One deployable agent that uses every Part D pattern at once: agentic RAG with citations (M24), memory (M21), tracing and cost (M20/M25), reliability (M22), security guards (M22/M23), an eval gate (M20/M26), and an API (M11/M18). The whole thing runs offline with a deterministic mock model: no key, no spend.

Files

File	Role
`parts.py`	The Part D building blocks, trimmed and gathered: `Trace`+`cost` (M20/M25), `ShortTermMemory`/`LongTermMemory` (M21), `retry`/`StepLimiter`/`approval_gate` (M22), `detect_injection`/`wrap_untrusted`/`redact_secrets`/`domain_allowed` (M23).
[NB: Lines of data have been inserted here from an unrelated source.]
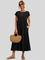Ez a bő szabású ruha zsebekkel a tökéletes választás mindazoknak, akik a minimalista stílust és a maximális kényelmet egyaránt keresik. A bő szabás könnyed mozgást teremt, míg a praktikus zsebek funkcionalitást adnak. A midi hosszúság időtlen eleganciát biztosít, így a ruha könnyen párosítható.
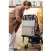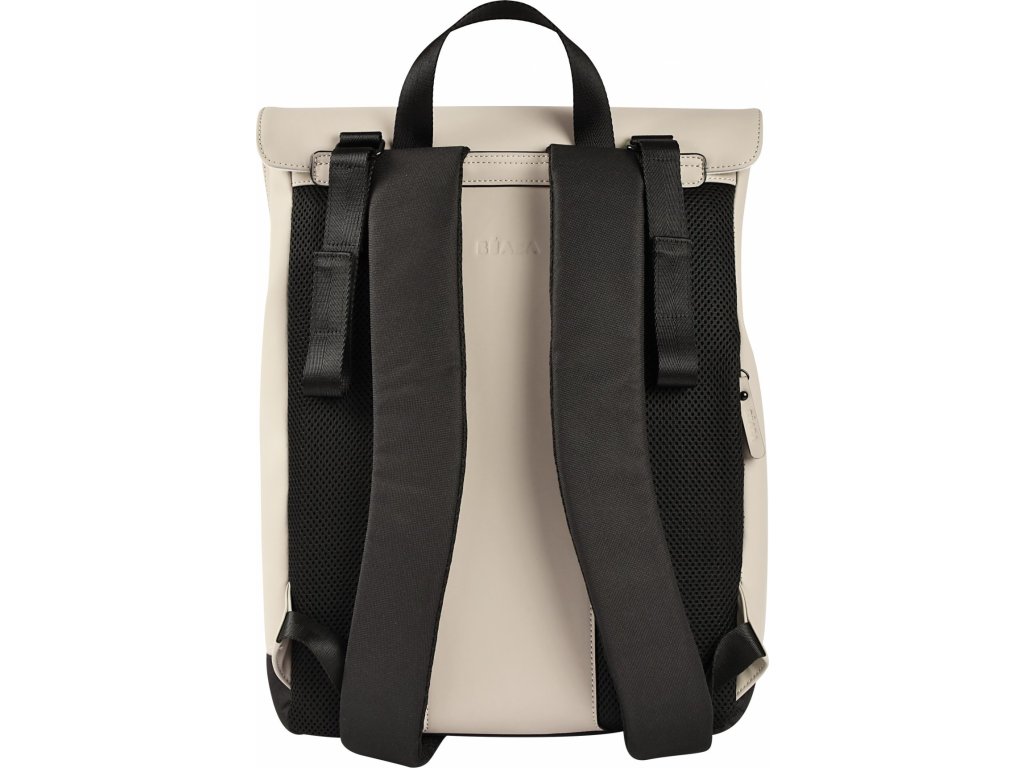 Větrací panely na zadní straně a polstrované ramenní popruhy zpříjemňují nošení batohu na zádech. Držadlo umožňuje nošení v ruce, součástí batohu jsou i úchyty pro zavěšení na kočárek.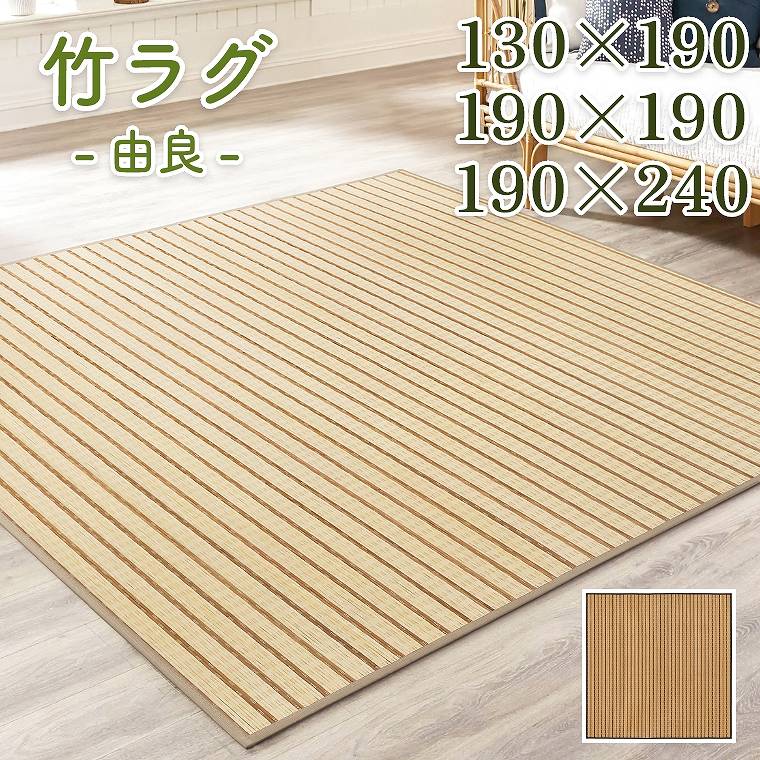 ラグ 夏用 竹ラグ バンブーラグ 竹製 カーペット シンプル 無地【130×190cm】【190×190cm】【190×240cm】長方形 正方形 涼感 春 夏 リビング ソファ前 子ども部屋 ひんやり 涼しい 和風 モダン 敷物 掃除【由良】プレーベル ラグ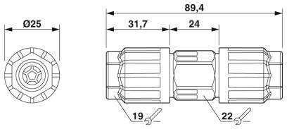 Innovativo e rapido: connessione rapida QUICKON per un risparmio di tempo fino all'80 % durante la connessione in loco. Pratico: confezionamento semplice e rapido senza utensili speciali. Estremamente robusto: custodia con gradi di protezione IP68/IP69K e IK07 per un ampio range di impiego. Connessione sicura grazie alla polarizzazione contro le inserzioni errate e la protezione antinfortunistica a norma DIN EN 0105. Semplice e sicuro: il connettore per linee consente di riparare o prolungare rapidamentele linee, in combinazione con il connettore anche come collegamento per giunti.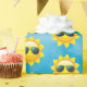 Cute smiling sun with aviator sunglasses on blue sky background with clouds.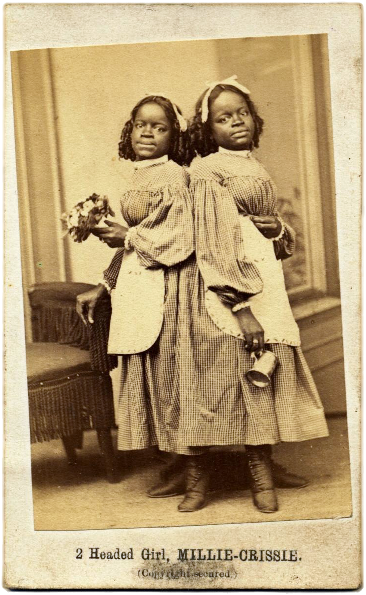 Millie and Christine were a pair of conjoined twins who made periodic appearances at Barnum's Circus between 1855 and 1875.

Each is labeled with its source module.
`corpus.py`	The knowledge base + `search` tool for agentic RAG (M24); includes a two-hop question.
`agent.py`	`SupportAgent.chat(...)`, the integrated ReAct loop. Returns `{answer, sources, blocked, cost, tokens, trace, injection_flags}`. Injectable client.
`mockmodel.py`	A deterministic fake model so the agent runs and is gated offline (searches, answers, attempts a risky email, greets).
`evals.py`	The M26 gate over the agent: hours answer, multi-hop billing answer with sources, risky action blocked. Exits 0 pass / 1 fail.
`app.py`	FastAPI `/chat` and `/health`, the deployable face.
`demo.py`	End-to-end offline tour of all three scenarios with traces. Start here.
`../starters/extend.py`	Turn it into a portfolio piece.

Run it

python demo.py            # offline tour, free
python evals.py ; echo $? # the eval gate (exit 0 = pass)

pip install fastapi "uvicorn[standard]"   # serve it
uvicorn app:app --reload
curl -s -X POST localhost:8000/chat -H 'Content-Type: application/json' -d '{"message":"What are your hours?"}'

How the patterns compose (per `chat` call)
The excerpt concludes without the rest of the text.